I'm going to make a soap with lavender and cornmint eo's. I currently make a Rosemary Mint soap and for a 6.875 lb batch, I use 3 oz of Rosemary and 4 oz of Cornmint. The mint is strong, but the Rosemary still comes through as it is strong, also.

Any suggestions using the same sized batch for Lavender Mint? I'd like the lavender to come through. It will be an Oatmeal Lavender Mint and I was thinking of adding honey, but if the honey makes it too hot, I'd worry that the lavender will burn off. 

So honey or no honey?
How much lavender to how much mint? I was thinking 4.5 oz lavender to 2.5 oz cornmint.

For anyone who hasn't used cornmint, it's great....I love it! A little less pungeant than peppermint, but more zip and less sweet than spearmint.

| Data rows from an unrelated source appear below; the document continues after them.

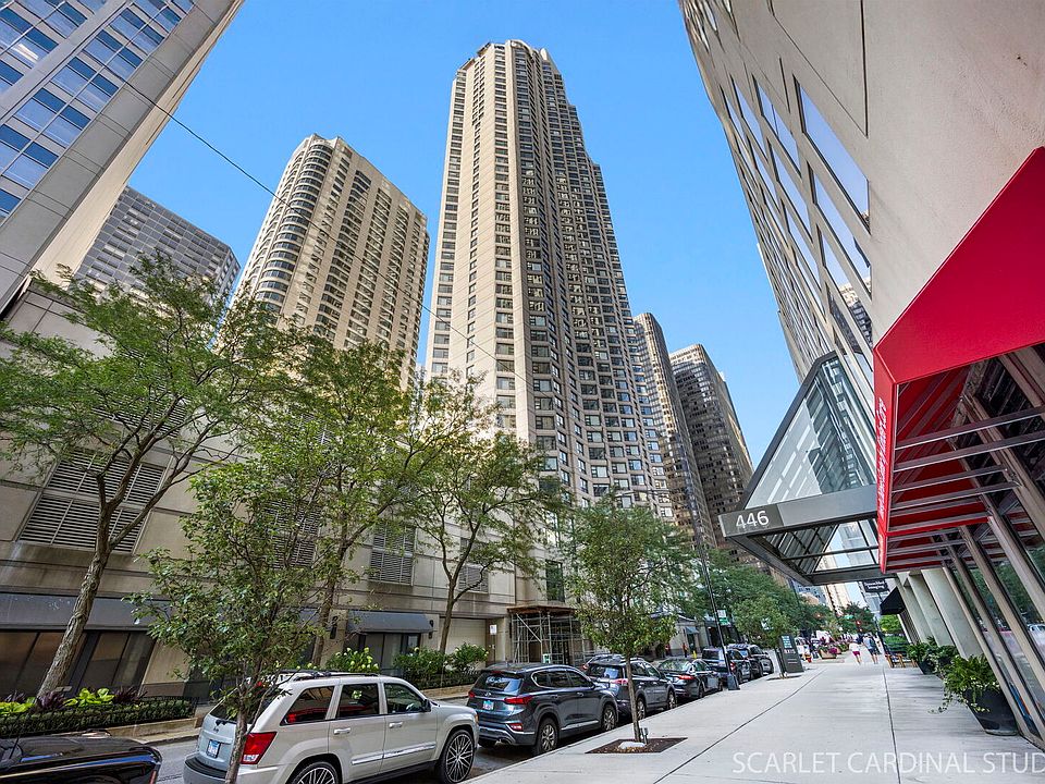 Enjoy breathtaking views of the city and Lake Michigan from this 44th floor condo located in the heart of Streeterville. This prime Near Northside location is conveniently situated near numerous attractions and amenities, such as the lakefront trail and beaches, Riverwalk, Navy Pier, Magnificent Mile, as well as dining options, shopping venues, Northwestern University and Hospital, parks, theaters, and much more! This sunlit, south-facing condo boasts an open floor plan, featuring a combined living and dining space with large windows offering beautiful views of the skyline and lakefront. The kitchen comes equipped with stainless steel appliances, granite countertops, mahogany cabinetry, and a custom wine rack. The bathroom has been upgraded, and there are two generous walk-in closets with custom organizers. An exceptionally well-maintained building with outstanding amenities, includes an indoor pool, sauna, hot tub, party room, gym, and two outdoor sundecks providing panoramic views, along with a 24-hour doorman. Commuters will appreciate the easy access to public transportation and expressways. The unit does not come with parking, but there are typically spaces available for lease in the building's parking garage.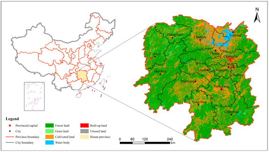 The object of this study is Hunan province (108°47′~114°15′ E, 24°38′~30°08′ N). It is located in the central China, covering 13 prefecture-level cities and one autonomous prefecture (Figure 1). Most of the provincial boundaries are located in the south of Dongting Lake. The Xiangjiang River, the largest river in the province, runs through the north and south of the province. It covers about 21.1836 million hectares, accounting for about 2.2% of the total land area of the whole country; the permanent population is about 68.22 million. In 2015, its GDP was 2.90472 trillion Yuan (RMB), and the per capita GDP reached 42968 Yuan (RMB), which ranked ninth and sixteenth in China respectively [47,48].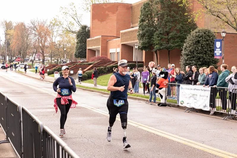 He then continued his recovery with Siskin Outpatient Therapy in Cleveland, Tennessee. Drawing on his athletic background and strong work ethic, Chuck pushed himself each day. By the end of February, just months after his accident, he was walking with the assistance of crutches using his prosthetic legs.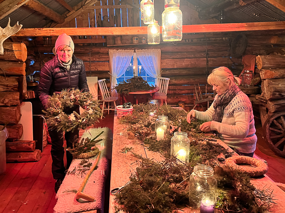 Så er det produksjon av kranser. Her har Anette allerede laget en.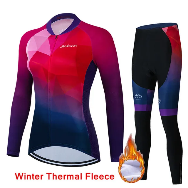 Женский зимний велосипедный костюм, теплый флисовый велосипедный костюм с длинным рукавом, костюм для горного велосипеда, велосипедный костюм, одежда для велоспорта, велосипедный костюм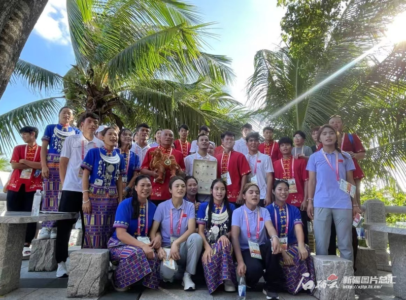 保亭黎族苗族自治縣歌舞團的姑娘們還帶著新疆代表團成員體驗竹竿舞。“我們從接到任務到現(xiàn)在已準備了一年多,看到各民族交往交流交融的畫面感到很高興。”黎族姑娘王桃雀說。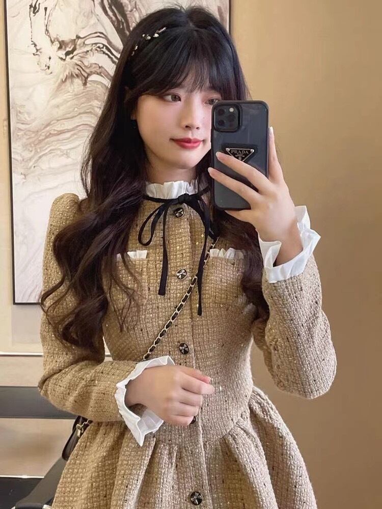 フレンチガーリーリボンタイツイードフレアミニワンピース 32M-ONE-148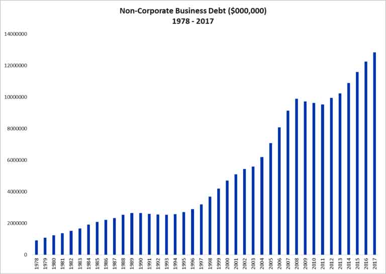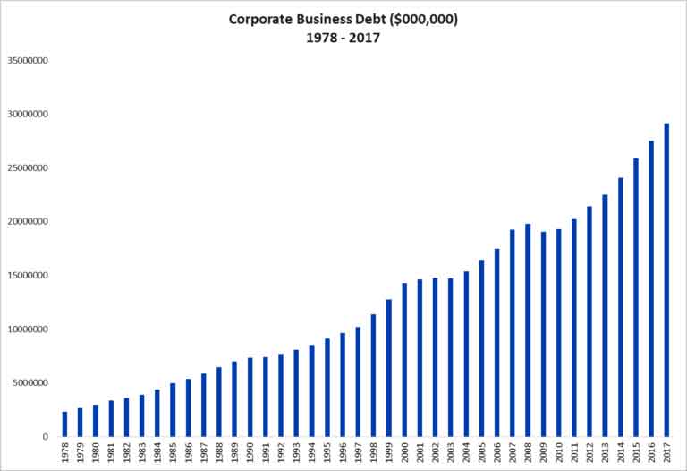 If those charts on corporate debt and leverage are not clear, try the following for a basic overview. Corporate and non-corporate business debt in trillions from 1978 to 2017.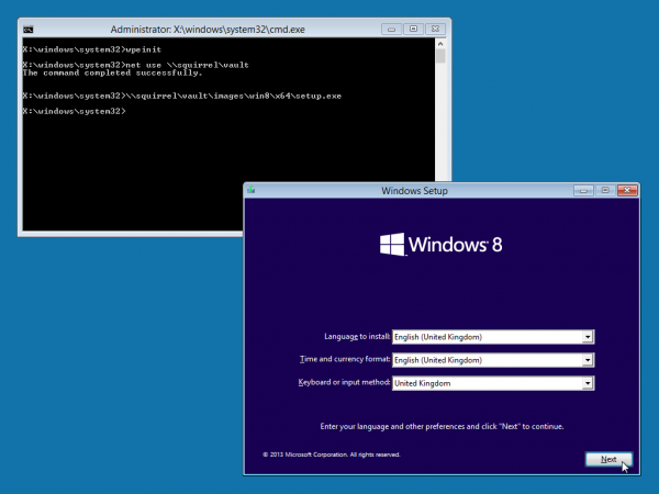 You can now connect to a Windows (or Samba) file server to run the Windows installer. For example, if you have copied the contents of your Windows installation DVD-ROM to \\myserver\installers\win8, then you can start the installer using: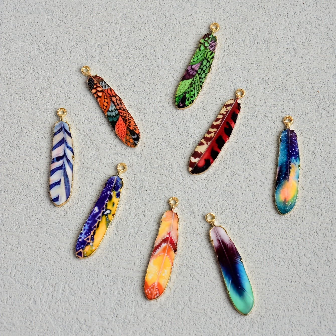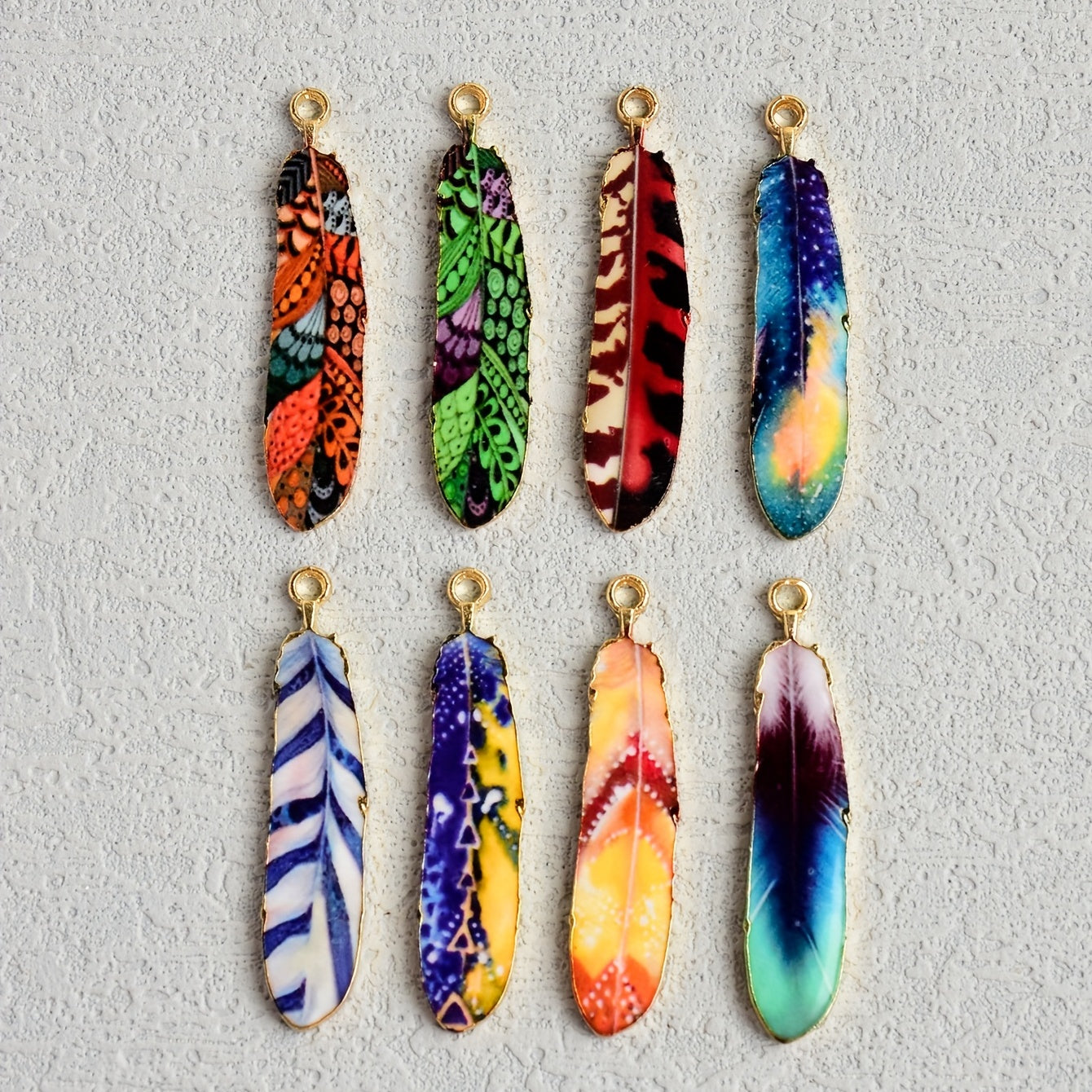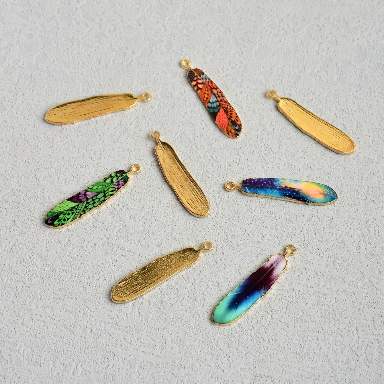 This pack includes 8pcs of ethnic style feather pendant alloy accessories, perfect for earrings, necklaces, bracelets, and key chains.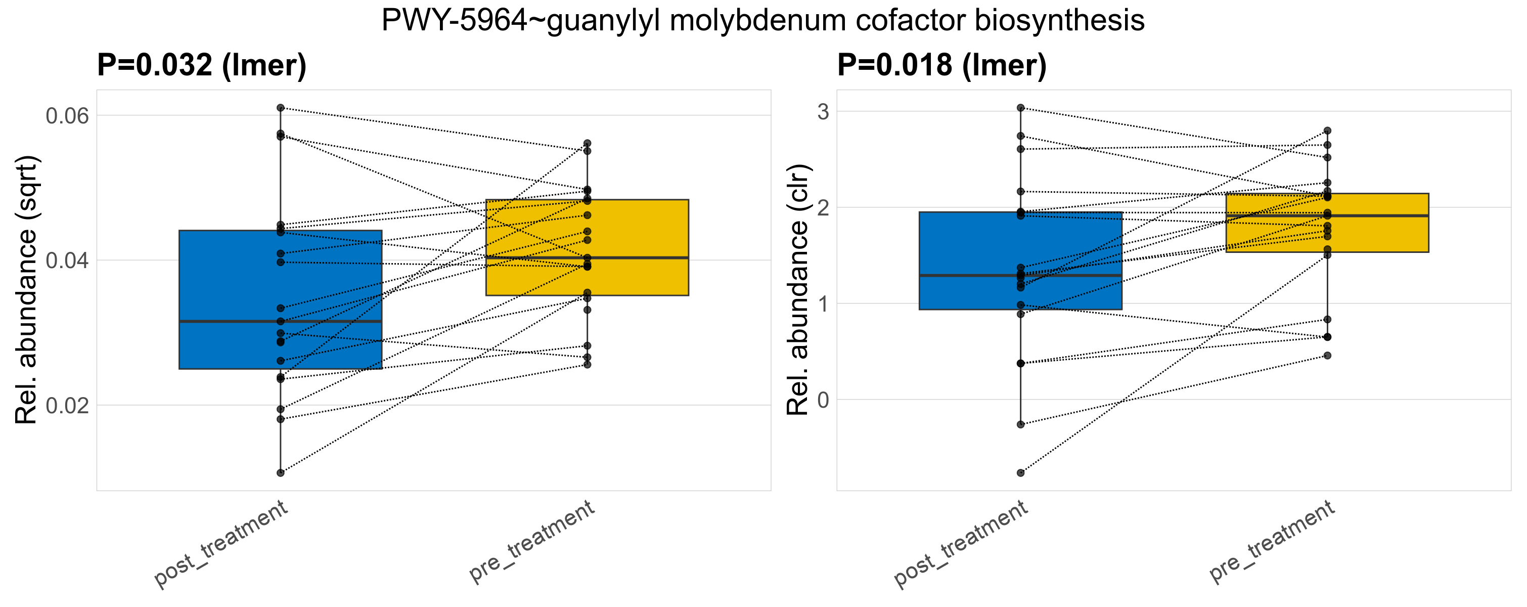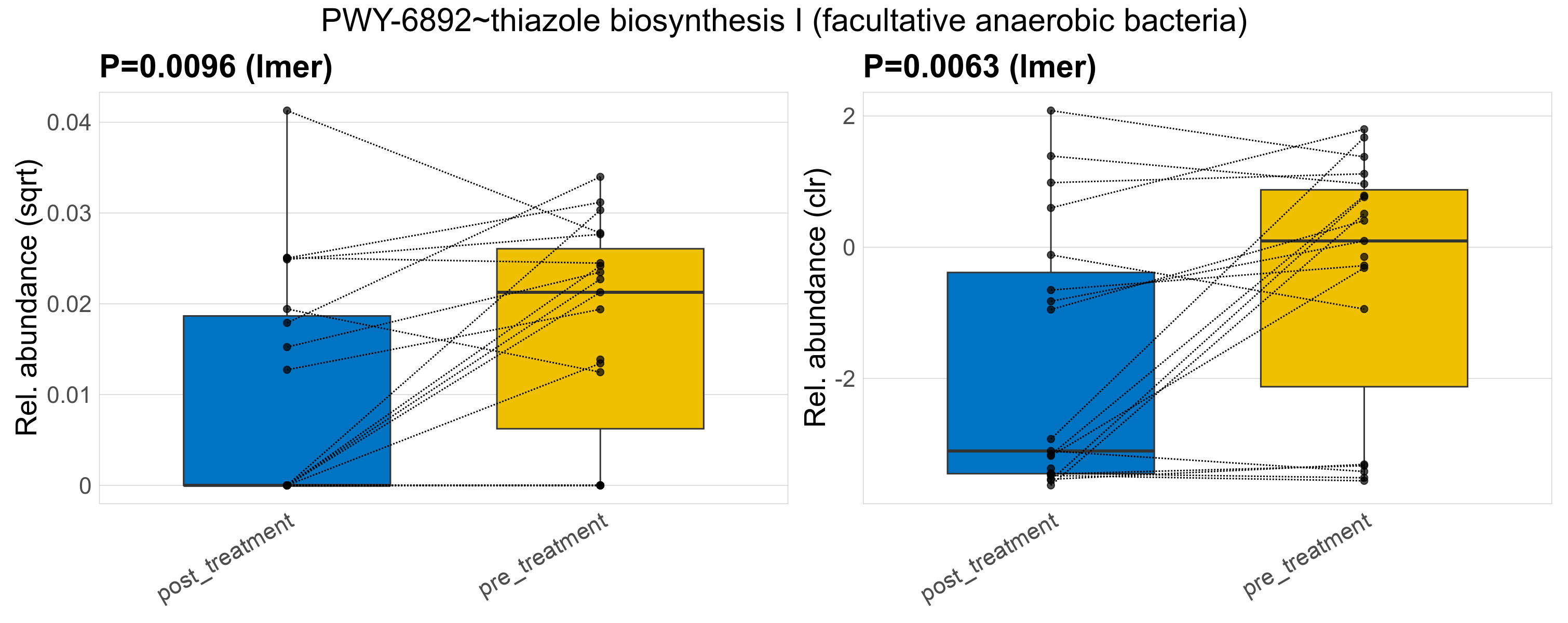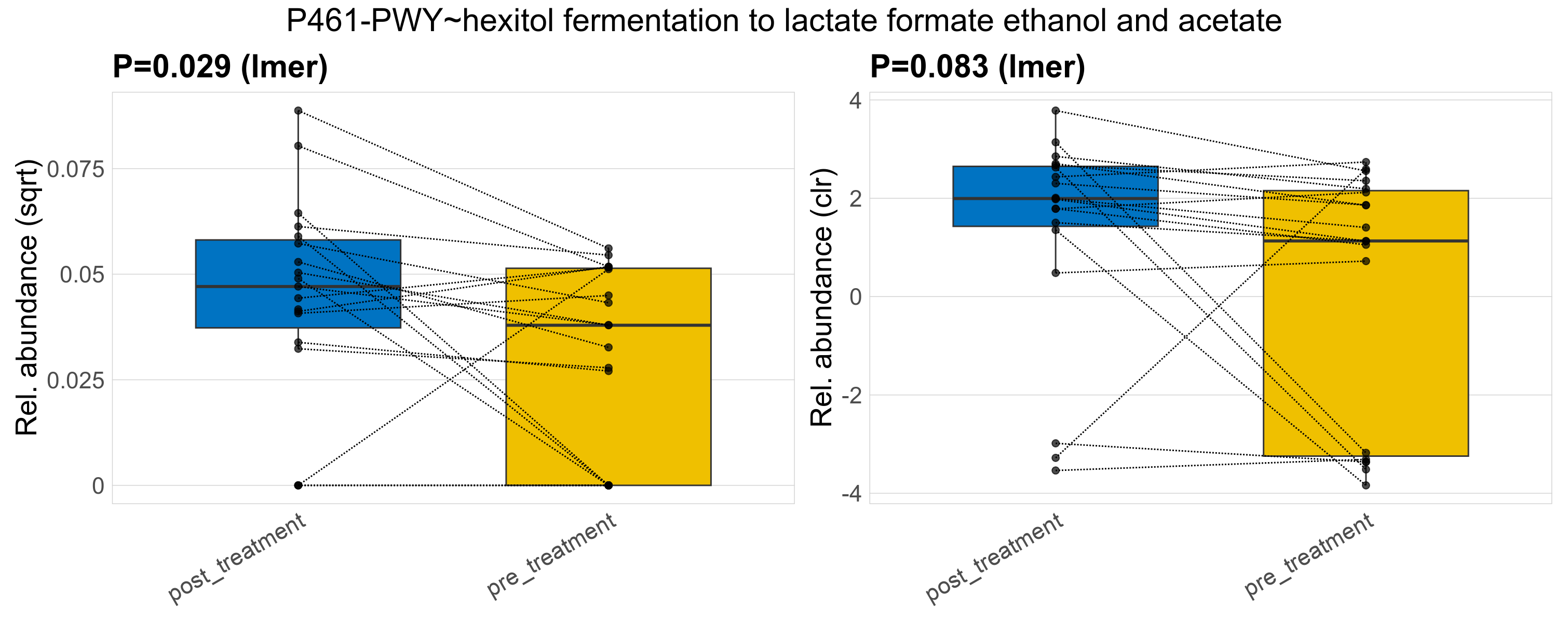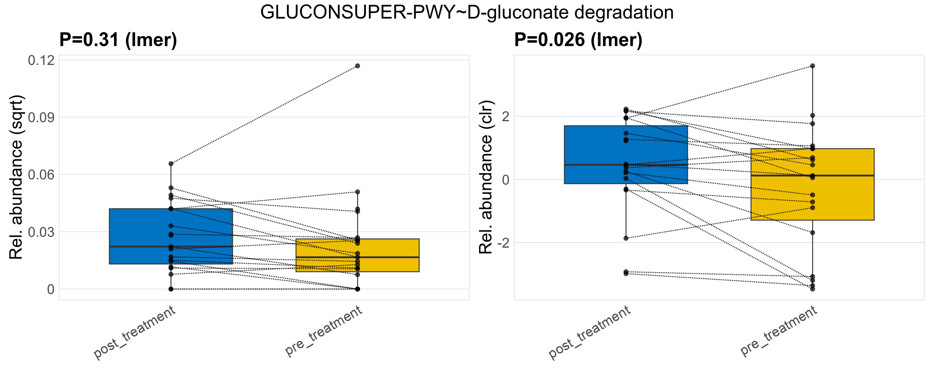 P lmer condition effect (clr): Differentially abundant functions were identified by linear mixed effect regression without confounders. Random effects: Participant (intercept). Fixed effects: Treatment. Effect tested: Treatment.

I know I'll just have to experiment, but anyone with experience or even an opinion is appreciated. Thanks.


----------



## Guest (May 16, 2011)

Take a cotton makeup pad,,, using drops, try your ratio on the cotton pad and put into a freezer zip lock baggie and smell the next day.. it will tell you where you want to be with ratio's ....


----------



## MF-Alpines (Mar 29, 2010)

Oh, I've heard of that. Haven't tried.

Thanks, Barb.


----------



## faithfarm (May 10, 2010)

For a 7 lb batch I use 3.5 oz lavender and 1.5 oz cornmint/peppermint.


----------



## NubianSoaps.com (Oct 26, 2007)

For my essential oils if I used that much percentage of mint it would overpower the lavander. Part of my line is a Mint Julep bar that has green mica in it...so I chop some of it up and add it to a lavender based soap, it's pretty and makes my soap and essential oils do double and triple duty. Vicki


----------